You cannot have carburetor ice below 32º F because there is no
moisture (relative humidity) in the air. Any moisture in the air at
32ºF and below is in a solid (ice) form as sleet or snow.

There are 3 types of icing.
1. Fuel vaporization ice: This is the most common and occurs
when fuel changes state from a liquid to a gas. It is common to a
temperature drop of up to 70ºF as fuel robs the temperature of the
induction air to change state. Fuel vaporization ice can occur at
ambient temperatures as high as 100ºF and humidity as low as 50
percent. It is more likely, however, with temperatures below 70ºF and
relative humidity above 80 percent. The likelihood of icing increases
as the temperature decreases down to 32ºF and as relative humidity
increases.
2. Impact Ice: This is where snow or sleet freezes to you air
filter element and causes blockage of the induction air to the
carburetor.
3. Throttle Ice: Is formed on the rear side of the throttle
valve when the throttle valve is partially closed.
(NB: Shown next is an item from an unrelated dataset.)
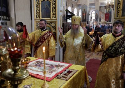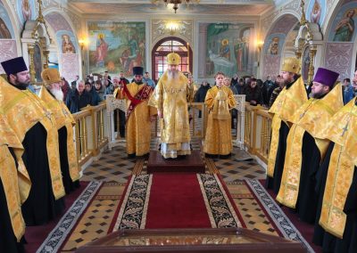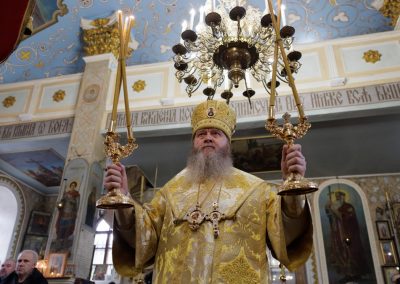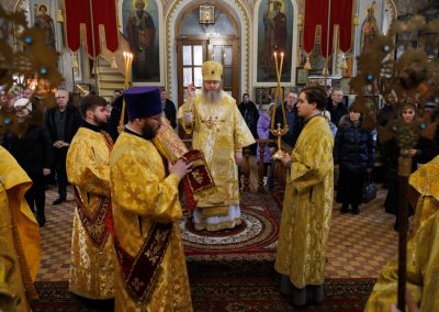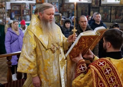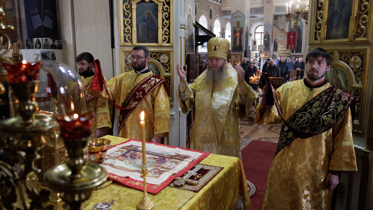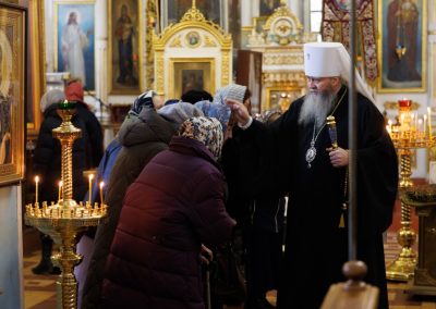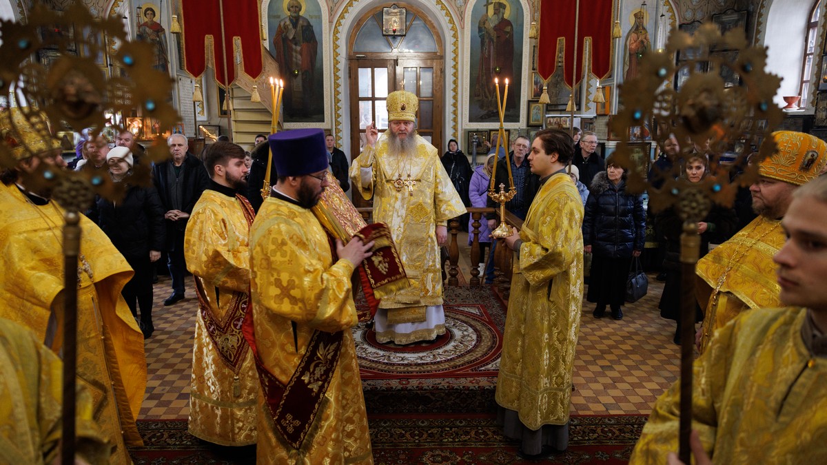 По окончании богослужения, владыка поблагодарил паству за совместную молитву в этот праздничный день, пожелал всем духовных и физических сил на поприще Великого поста и преподал архипастырское благословение.
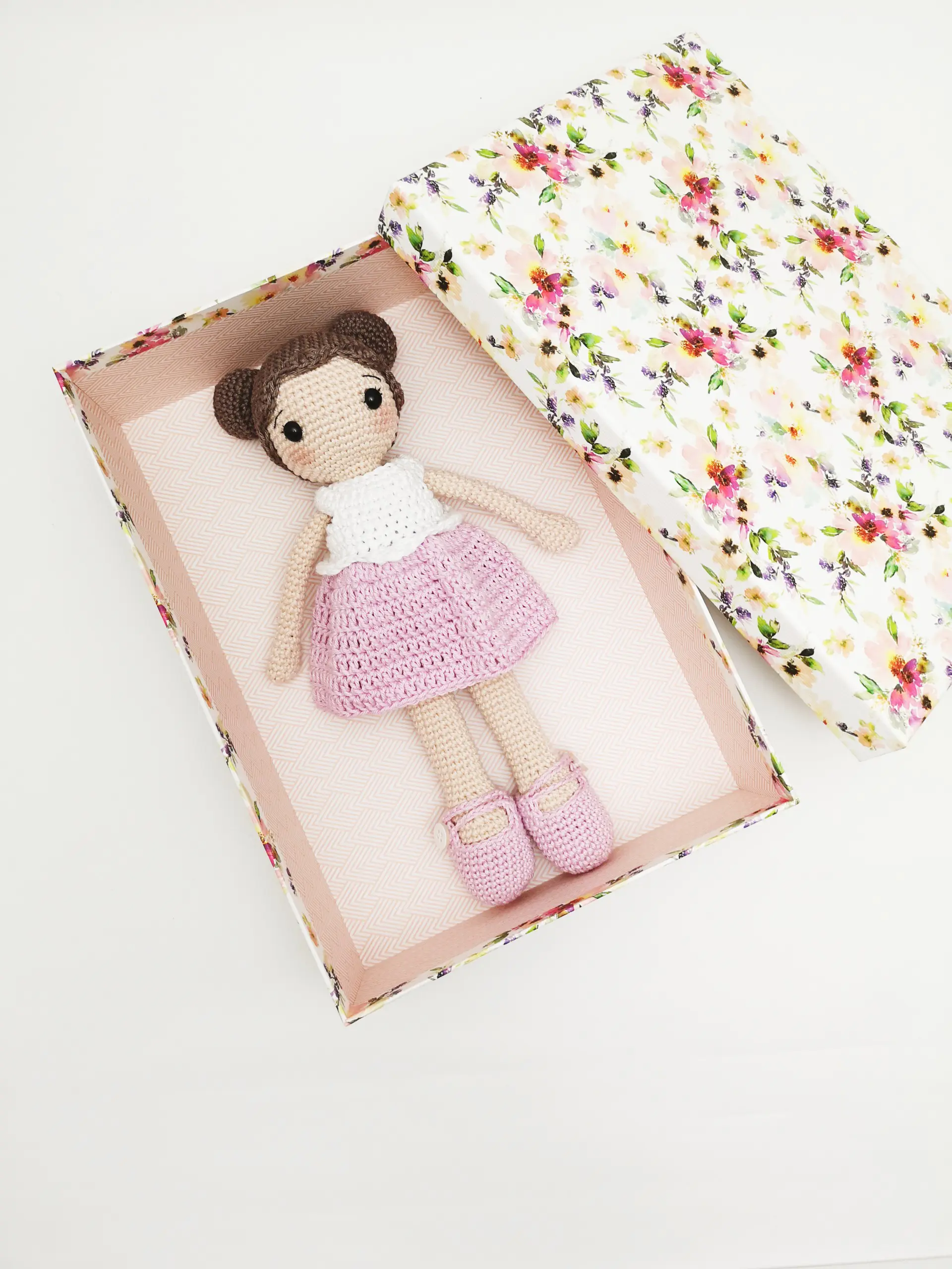Yarn dk: brown, white, a little of pink and a little of dark brown; crochet hook 3 mm, safety eyes 6 mm, stuffing, tapestry needle.

This rush of air
around the throttle valve forms a low-pressure area and has a cooling
effect on the fuel-air mixture. Moisture freezes in the low-pressure
side (back side) of the throttle valve. This ice can accumulate and
restrict the income fuel-air mixture and cause an engine power loss
by loss of manifold pressure. Throttle ice seldom occurs above 38ºF.
..................................................................................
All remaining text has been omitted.